The AFP news agency quoted the unnamed diplomat as saying that Ankara has decided to participate in the exercise to be held in Armenia’s central Kotayk region by NATO’s Euro-Atlantic Disaster Response Coordination Center.
The drills, scheduled for September 11-17, are due to bring together up to 1,000 participants from two dozen NATO member and partner states. They will simulate an multi-national response to a powerful earthquake resulting in a humanitarian and environmental disaster.
“We will be taking part in the exercise,” the Turkish diplomat told AFP on condition of anonymity.
“We are looking into the possibility on whether the border may be opened if such a necessity arises. ... There has been no decision yet,” she said.
Turkey closed its border with Armenia in 1993 out of solidarity with Azerbaijan and has since made its reopening conditional on a resolution of the Nagorno-Karabakh conflict acceptable to its closest Turkic ally. Ankara has stuck to this linkage even after signing last October agreements with Yerevan to unconditionally normalize Turkish-Armenian relations.

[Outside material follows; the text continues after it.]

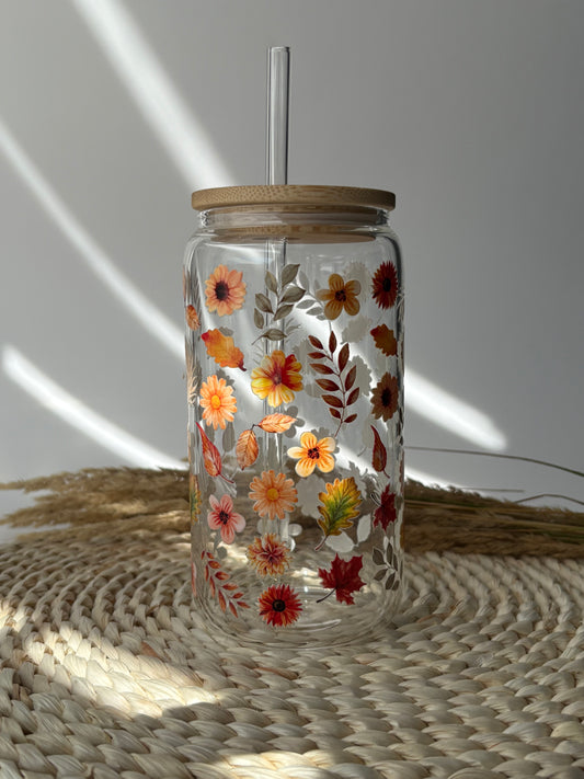 Tumbler en verre avec couvercle et paille (16 oz) - Jardins d'automne 🌻🌾🍂Prix habituel $29.99 CADPrix habituelPrix unitaire par-

The Armenian Foreign Ministry refrained from officially commenting on the possibility of a temporary border opening. But a diplomatic source in Yerevan shrugged off the Turkish statement as “a public relations stunt aimed at burnishing Turkey’s image.”
“Armenia has no desire to contribute to that effort,” the source, who asked not to be identified, told RFE/RL’s Armenian service. The Armenian government might therefore refuse to let any personnel or vehicles enter the country from Turkey during the exercise, he added.
There has been speculation in both neighboring countries in recent weeks that Ankara could also temporary open its border checkpoints to Armenians planning to attend the September 19 mass at the 10th century Armenian Church of Holy Cross located on a lake island in Turkey’s Van province. The Turkish official cited by AFP said “this is out of the question,” however.
Armenia’s leaders have repeatedly blamed the Turks for the effective collapse of the two Turkish-Armenia “protocols” that envisaged the establishment of diplomatic relations between the two estranged nations and the opening of their border. President Serzh Sarkisian suspended in April the process of Armenian parliamentary ratification of the protocols because of the Turkish preconditions for their implementation. He indicated that he did not to annul the deal altogether at the request of foreign powers and the United States in particular.
U.S. Secretary of State Hillary Clinton hailed Sarkisian’s stance as “very statesmanlike and very impressive” when she visited Yerevan earlier this month. Clinton said the onus is on the Turkish government to revive the normalization process with “the steps that it promised to take.”